Area under this curve is given by
\[ \Rightarrow {A_3} = \int\limits_{ - \dfrac{\pi }{4}}^{\dfrac{\pi }{4}} {\cos x \cdot dx} \]
On integrating the term, we get
\[ \Rightarrow {A_3} = \left[ {\sin x} \right]_{ - \dfrac{\pi }{4}}^{\dfrac{\pi }{4}}\]
On applying the limits, we get
\[ \Rightarrow {A_3} = \sin \dfrac{\pi }{4} - \sin \left( { - \dfrac{\pi }{4}} \right)\]
We know that \[\sin \left( { - \dfrac{\pi }{4}} \right) = - \dfrac{1}{{\sqrt 2 }}\] and \[\sin \left( {\dfrac{\pi }{4}} \right) = \dfrac{1}{{\sqrt 2 }}\].
Thus, we get
\[ \Rightarrow {A_3} = \dfrac{1}{{\sqrt 2 }} - \left( { - \dfrac{1}{{\sqrt 2 }}} \right)\]
On further simplification, we get
\[ \Rightarrow {A_3} = \dfrac{2}{{\sqrt 2 }} = \sqrt 2 \]
The required area will be equal to the sum of the area of the lines minus the area of the curve.
Required area \[ = {A_1} + {A_2} - {A_3}\]
On substituting the value of the areas, we get
 \[ \Rightarrow \] Required area \[ = \dfrac{\pi }{2} - \dfrac{{4\left( {2\sqrt 2 - 1} \right)}}{{\pi \sqrt 2 }}\left( {\dfrac{{{\pi ^2}}}{{16}}} \right) + \dfrac{\pi }{2} - \dfrac{{4\left( {2\sqrt 2 - 1} \right)}}{{\pi \sqrt 2 }}\left( {\dfrac{{{\pi ^2}}}{{16}}} \right) - \sqrt 2 \]
On further simplifying the terms, we get
 \[ \Rightarrow \] Required area \[ = \pi - \dfrac{{\left( {2\sqrt 2 - 1} \right)}}{{4\sqrt 2 }}\pi - \sqrt 2 \]
On taking the factor common, we get
\[ \Rightarrow \] Required area \[ = \pi \left( {1 - \dfrac{{\left( {2\sqrt 2 - 1} \right)}}{{4\sqrt 2 }}} \right) - \sqrt 2 \]
On subtracting the terms, we get
\[ \Rightarrow \] Required area \[ = \pi \left( {\dfrac{{4\sqrt 2 - 2\sqrt 2 + 1}}{{4\sqrt 2 }}} \right) - \sqrt 2 \]
\[ \Rightarrow \] Required area \[ = \pi \left( {\dfrac{{2\sqrt 2 + 1}}{{4\sqrt 2 }}} \right) - \sqrt 2 \]
On multiplying \[\sqrt 2 \] to numerator and denominator of the first term, we get
\[ \Rightarrow \] Required area \[ = \pi \left( {\dfrac{{\left( {2\sqrt 2 + 1} \right)\sqrt 2 }}{{4\sqrt 2 \times \sqrt 2 }}} \right) - \sqrt 2 \]
\[ \Rightarrow \] Required area \[ = \pi \left( {\dfrac{{4 + \sqrt 2 }}{8}} \right) - \sqrt 2 \]
Hence, the required area is equal to \[\dfrac{{4 + \sqrt 2 }}{8}\pi - \sqrt 2 \]

Therefore, the correct option is option A.

Note:
To solve this problem, we need to remember the basic formulas of integration of many functions.

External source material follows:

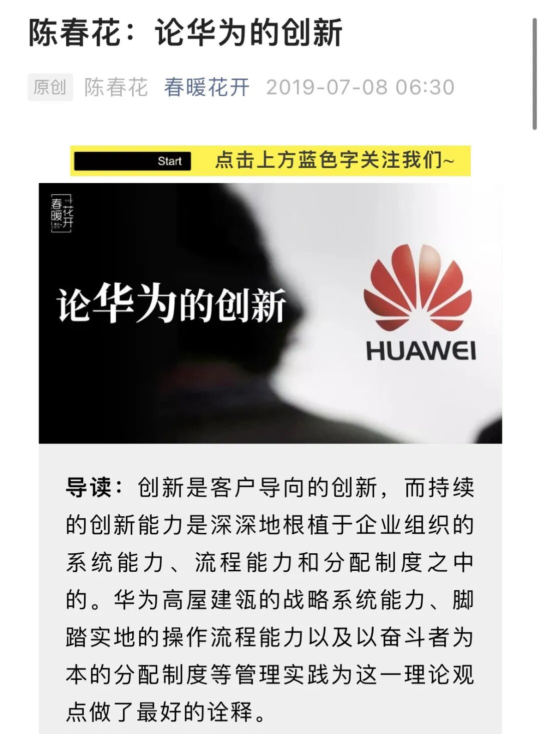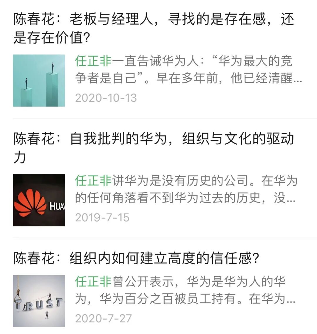 我在陈春花【春暖花开】的公众号上,也找到了不少由陈春花署名撰写的、有关华为和任正非的文章。
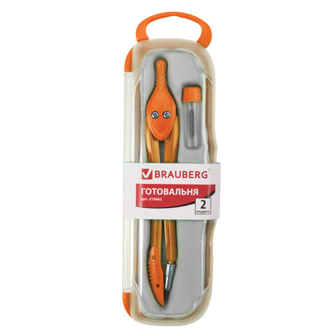 Готовальня BRAUBERG "Modern", 2 предмета: циркуль 135 мм, грифель, пенал с подвесом, 210662

Integration is a method of summing up the discrete data. It is the inverse of differentiation. We need to remember that the area under any curve and straight lines is calculated by using the integration method. We can see that the area that we have obtained is symmetrical about the \[y\] axis.